Note that, because this allocates memory, it requires an allocation capability. See [shared_heap] for more information about what this means.
You can then subsequently wait for some of the events to be set with the event_bits_wait function. This takes a set of events to wait for and can wait until either any or all of them are set.
This call can also atomically clear the bits that you’ve waited on, giving them edge-triggered behaviour.
|The message queue APIs will probably be moved out of the scheduler at some point. At that point, the exact APIs are likely to change.|
The scheduler provides a message queue API. A message queue is a FIFO capable of storing a fixed number of fixed-sized entries. Queues are created with queue_create, which allocates the buffer and returns an opaque handle.

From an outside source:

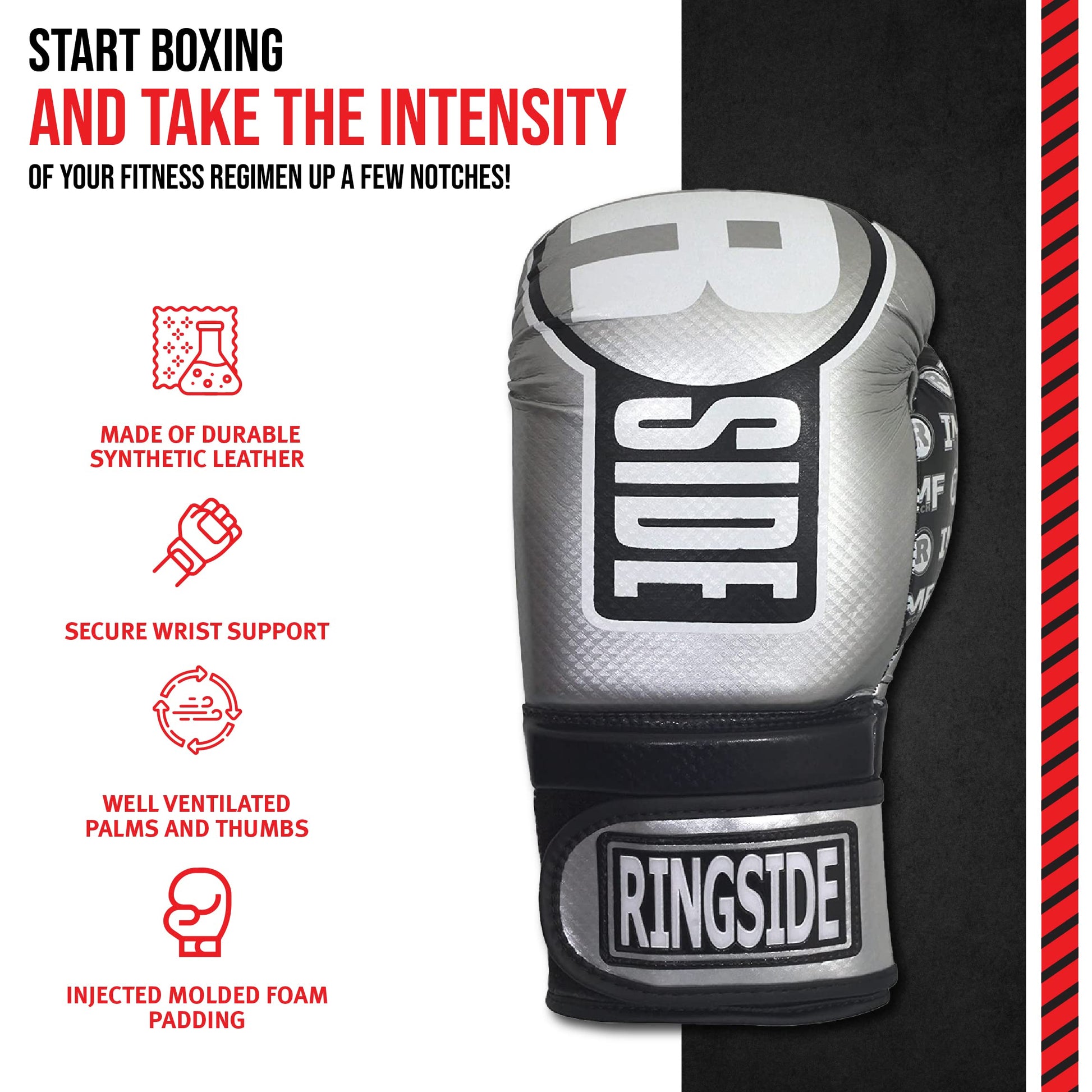 - Boxing Gloves: Fight your way to the top with Ringside’s Apex Boxing Bag Gloves. These durable synthetic leather gloves will help you push your body to the limit every time and allow you to reach your fitness and athletic goals.

Waiting for multiple events
The multiwaiter API allows waiting for any of a set of independent events.
It is conceptually similar to
kqueue in *NIX operating systems or
WaitForMultipleObjects in Windows.
It is designed to bound the amount of time that the scheduler must spend checking multiwaiters and to minimise the amount of memory that multiwaiters consume.
Memory is allocated only when a multiwaiter is created, with multiwaiter_create.
This creates a multiwaiter with space for a fixed number of events.
Each multiwaiter_wait call is a one-shot operation.
The call is passed a set of things to wait for and the associated condition via the
events array and returns the waited status via the same array.
This is typically an on-stack array.